Jorge Camil
Chiapas: el fantasma autonómico

Ultimamente, los mexicanos vivimos agobiados por la paranoia de la soberanía. Mientras políticos y juristas europeos redimensionan --en el contexto del Tratado de Maastricht, por supuesto-- el concepto tradicional de soberanía, los mexicanos imaginamos asechanzas contra nuestro derecho a la libre determinación en cada extranjero que desembarca armado con un aparato fotográfico. Cuando los europeos desempolvan --ya nada es sagrado-- todas las coordenadas de la vida democrática: ciudadanía, autonomía, soberanía, nación y Estado, para adaptarlas, entre otras, a la realidad supranacional de la unión monetaria, los mexicanos, sin restañar las heridas ocasionadas por el Tratado de Libre Comercio (TLC), pretendemos abrazar la globalización económica refugiados en el acogedor ``nacionalismo revolucionario'' de mediados de siglo. O sea, ¡la esquizofrenia!

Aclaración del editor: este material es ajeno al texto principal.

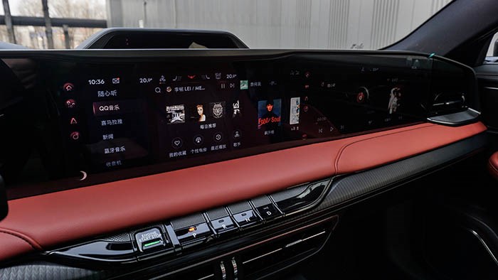 12.3英寸 27英寸超大尺寸贯穿式全景屏,拥有1.1米的惊人长度,支持高清分辨率和多点触控,可以实现完整或独立分屏内容显示,同时主副驾可以根据需求自由切换屏幕显示内容,同时支持双区蓝牙功能,主副驾可以根据各自需求独立安排而不互相打扰。无论是看视频、听音乐亦或是沉浸于自我空间。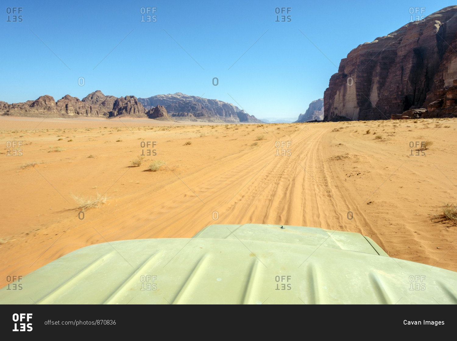 View from the roof of a four-wheel drive vehicle in wadi rum, jordan

En una conceptual entrevista concedida por Felipe González a Luis Hernández Navarro de La Jornada (9/3/98), el ex presidente de España reconoció la necesidad de ``desacralizar'' el concepto de soberanía. ``No para perderla --aseguró-- sino para redimensionarla''. Después, advirtiendo los peligros de la esquizofrenia y la contradicción, el líder socialista reconoció el predicamento de algunos políticos que van a la ciudadanía con la buena nueva de la supranacionalidad --a la Maastricht, a la TLC-- pero mantienen incólume el discurso hipernacionalista. No está solo el carismático ``Felipillo''. La mayoría de los parlamentarios europeos reconocen que la transferencia de competencias de las naciones individuales hacia la Comunidad Europea ha modificado sustancialmente la naturaleza de los Estados nacionales (¡analicemos cuidadosamente las modificaciones a nuestro propio sistema jurídico impuestas por el TLC!). ¿Y cómo redimensionar la soberanía sin modificar el federalismo de la represión (revelado al desnudo por la tragedia yugoslava)? Para evitar sus efectos, Canadá se ha lanzado a buscar un neofederalismo democrático que permita la coexistencia pacífica de un mismo territorio entre la nación anglo-canadiense y la franco-canadiense.

``La política siempre rebasa a lo jurídico'', dice con sabiduría milenaria Anne Legaré en un polémico ensayo titulado La soberanía: ¿un concepto pasado de moda? Y tiene razón. ¿Es saludable permitir que los remilgos jurídicos se interpongan en el camino de la apertura democrática? ¿Qué tan insalvables son las supuestas ``limitaciones constitucionales'' contenidas en el artículo 4¼, inspiradas por un maniqueísmo político que promovía furiosamente la globalización, mientras le otorgaba a las etnias el ``atole con el dedo'' de un tardío e insípido reconocimiento a su ``composición pluricultural''? Es preciso encontrar un nuevo federalismo: incluyente, democrático, creativo; uno que saque a las etnias del ``indigenismo'' que engendra la capitis deminutio, y reconozca su derecho a la libre determinación a lo largo y a lo ancho de la República. ¡No escondamos la autonomía indígena en el sótano de nuestra pirámide social!

Regresamos con Felipe González y Luis Hernández. Pregunta el periodista: ``¿cuál es la función de los regímenes autonómicos?''. Contesta el andaluz: ``es un fenómeno interesante (...), de la capacidad que tengamos para analizarlo (...) va a surgir la nueva dimensión de la política''. Por lo pronto, España les ha otorgado a las provincias autonómicas el derecho a tener su propio presupuesto, su sistema educativo, su lengua, su bandera y una policía autónoma. ¡No se podía haber ido más lejos sin otorgarles la independencia plena! Sin embargo, deberíamos evitar a toda costa la tentación de legislar unilateralmente sin escuchar las voces de los pueblos indígenas, o de hacerlo con un criterio meramente político. Podríamos caer en el vacío de artículos constitucionales paternalistas desprovistos de contenido social. O, peor aún, en el estancamiento de la paz.

``Unidos, iniciaremos una nueva relación con los pueblos indígenas'', promete la retórica oficial en comerciales televisivos destinados a demostrar que el gobierno cumple los Acuerdos de San Andrés. Ojalá. La República no vive en estos momentos su mejor hora. Asediado por el desorden de los mercados internacionales y la dramática caída de los precios del petróleo, nuestro frágil crecimiento económico se encuentra atrapado en la encrucijada del conflicto chiapaneco, sin la comodidad de la reforma política.